Running them locally is cool and has privacy/autonomy benefits, but you can't really make a value case for it. Guaranteed if you run the math you will never run enough inference to pay off your hardware vs buying tokens. Last time I ran the math on my MBP I'd have to run inference 24 hours a day for 5+ years to pay off the cost of my MBP, not accounting for electricity costs.
Is this because of the tok/s? Since it's pretty easy to run up a $5k bill in API usage for Claude/ChatGPT in a month.
Yes, because of the limits on tok/s, and you have to compare apples to apples, not Gemma 27B to Opus 4.7.
Assuming the local models get the job done (e.g., you adjust your workflow so that you can run the local machine 100% all the time, or whatever), then the time to payback isn't very high. MSRP for a 128GB AMD was $1400 at launch. That's 7 months of claude code subscription. If you assume a 5 year depreciation cycle, you can buy a cluster of 8 such machines and still come out ahead. (Power is a few hundred watts per machine peak -- maybe 7 machines if you include electricity.) Of course, I'm assuming non-bubble numbers. Those boxes are like $3K now. Still, a normal person would probably not buy 8 of them at once. Instead, they'd space out buying a machine every few years as the technology improves.
For me, things are getting better faster than my ability to review / trust the resulting code, so tok/sec isn't a bottleneck anymore. Instead, quality of the tokens is the bottleneck. That points to me wanting a 1TB DRAM iGPU once they're available at pre-bubble RAM pricing.
You're comparing the highest tier Claude subscription to something Qwen3.5-122B-A10B running locally, apples to oranges.
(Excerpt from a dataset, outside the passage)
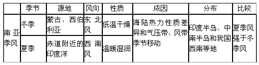 (2)南亚的西南季风是由于夏季东南信风带北移,越过赤道,在地转偏向力的作用下向右偏转而形成的。与之类似的是,澳大利亚北部1月份的西北季风,是由于东北信风带南移,越过赤道,在地转偏向力的作用下左偏而形成的。

If you compare to a smarter US model like Grok 4.3, $1400 will pay for 560M output tokens, which at ~25 t/s locally using it nonstop for 8 hours a day would take two years to pay back. Not accounting for bubble prices or electricity.
Is the goal maximum t/s?
According to openrouter, Opus 4.8 is 128 t/s. So 10x faster than my antirez/ds4.
The value of not having a reliance on a third party company, and not needing an internet connection, and having total privacy: ∞
Just have to put some numbers on privacy and autonomy. What's the fine to my company if I get hacked and leak all my customer's PII? What's the cost in productivity lost if OpenAI/Anthropic/Google decides to suspend my account for an unknown reason?